---
name: spq-theory-building
description: Use when building the theoretical argument of a Social Psychology Quarterly (SPQ) manuscript into a contribution to sociological social psychology — whether the work is in the symbolic-interaction, social-structure-and-personality, group-processes, identity, or affect tradition. SPQ rewards an explicit social-psychological mechanism linking structure to the individual, not a bare finding. Structures the argument; it does not run analyses.
---

# Theory & Argument Building (spq-theory-building)

At SPQ a result is not a contribution until it is attached to a **social-psychological mechanism** that
connects social structure or process to the individual — the self, identity, emotion, cognition, or
interaction. This skill turns findings into theory in the idiom of your tradition: explicit mechanisms,
scope conditions, and observable implications.

## When to trigger

- The empirics are strong but the "so what / why" is thin or purely descriptive
- A reviewer said the paper is "atheoretical," "ad hoc," or "not really social-psychological"
- You need to state the mechanism linking structure and the individual explicitly
- You are formalizing within a program (expectation states, affect control, identity verification)

## Build the argument (by tradition)

### Social structure and personality / group processes (mechanism-driven)
1. **Concept** — define the social-psychological constructs precisely (status, identity salience,
   mastery, sentiment, legitimacy); distinguish from neighbors.
2. **Mechanism** — the social process: how structural position or interaction produces the individual
   outcome (e.g., status → expectations → influence; structural strain → mastery → distress).
3. **Observable implications** — what we should see if the mechanism operates (and what we should *not*
   see). These become the tests in `spq-research-design`.
4. **Scope conditions** — the settings, populations, and structural contexts where the argument holds.
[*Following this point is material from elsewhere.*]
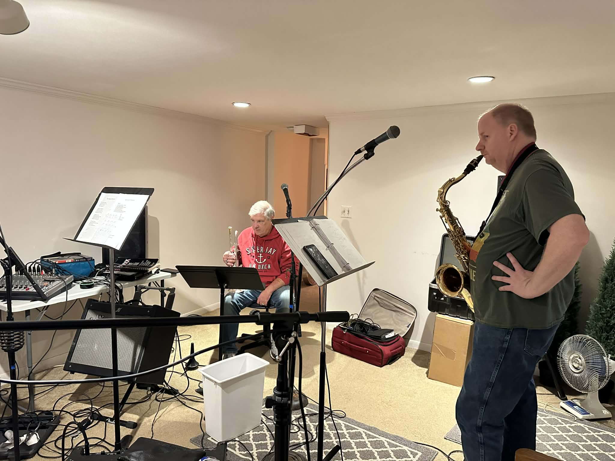 Steve is a great saxophonist, and as a singer, Steve is a great saxophonist. When not playing in the band, Steve uses his horn to hunt ducks.

### Symbolic-interaction / interpretive
- Make the **conceptual stakes** explicit: what about the self, meaning, or the interaction order does
  this illuminate?
- Build the argument through **observed interaction and accounts**, not hypothesis tests, but still state
  the analytic claim and what evidence would challenge it.
- Show what the argument lets the field **see** about identity work, framing, or emotion management.

### Formal programs (expectation states, affect control, identity control)
- State the **substantive puzzle** before the formal setup; keep assumptions transparent and motivated.
- Derive predictions (comparative statics, equilibrium sentiments/expectations) a reader can test.
- Say what the model **buys**: a non-obvious prediction or a resolution of a puzzle in the program.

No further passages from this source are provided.